→ **DATA SECTION**
======

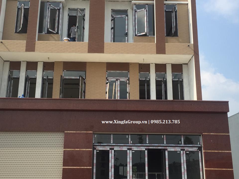 Mầu nhôm: công trình sử dụng mẫu cửa nhôm Xingfa mầu nâu sần ánh kim truyền thống
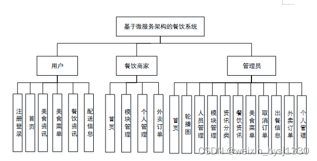 (1)功能要求:主要功能包括首页、网站管理(轮播图、通知公告)、内容管理(餐饮资讯、资讯分类)、人员管理(管理员、普通用户、餐饮商家)模块管理(菜品分类、美食菜单、堂食订单、出餐信息、外卖订单、配送信息、取消订单)等功能模块。
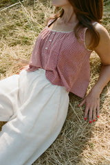 An heirloom-inspired piece. Sewn using a lightweight linen - grown and harvested in Europe, spun in Northern Ireland. Tumbled to perfection for a relaxed feel, in a luxuriously soft yet sturdy fabric that gets better with age. Features a très-femme scooped neckline and fixed straps trimmed with petite lace. Dawns a partial placket and gently pleated bodice.
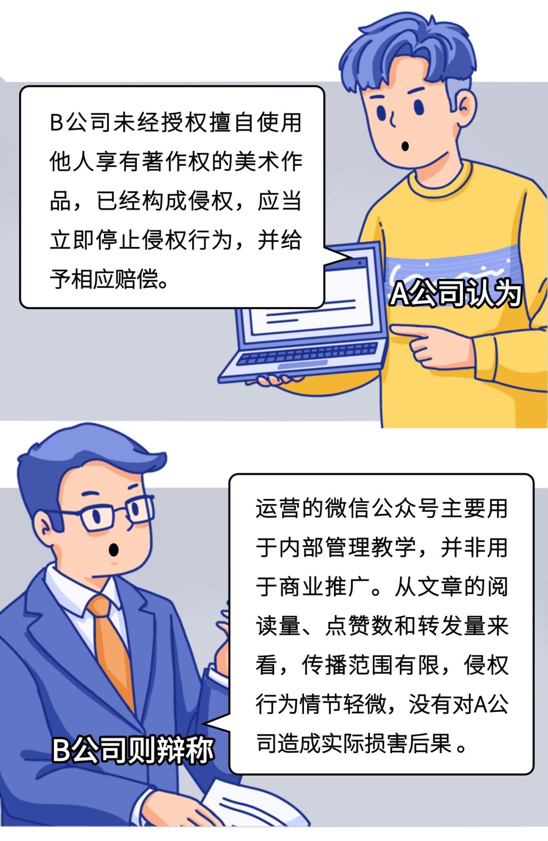 王某创作了一系列哲理漫画作品,A公司经转让获得涉案美术作品的著作权。经调查,A公司发现B公司在其运营的微信公众号中,未经许可使用了上述系列漫画中的10多幅图片。

======

→ **EXERCISE**
Pictures stay out. Return exactly the lines from the one with "(1)功能要求:主要功能包括" through the last line of the data.

→ **WRITTEN SOLUTION**
 (1)功能要求:主要功能包括首页、网站管理(轮播图、通知公告)、内容管理(餐饮资讯、资讯分类)、人员管理(管理员、普通用户、餐饮商家)模块管理(菜品分类、美食菜单、堂食订单、出餐信息、外卖订单、配送信息、取消订单)等功能模块。
 An heirloom-inspired piece. Sewn using a lightweight linen - grown and harvested in Europe, spun in Northern Ireland. Tumbled to perfection for a relaxed feel, in a luxuriously soft yet sturdy fabric that gets better with age. Features a très-femme scooped neckline and fixed straps trimmed with petite lace. Dawns a partial placket and gently pleated bodice.
 王某创作了一系列哲理漫画作品,A公司经转让获得涉案美术作品的著作权。经调查,A公司发现B公司在其运营的微信公众号中,未经许可使用了上述系列漫画中的10多幅图片。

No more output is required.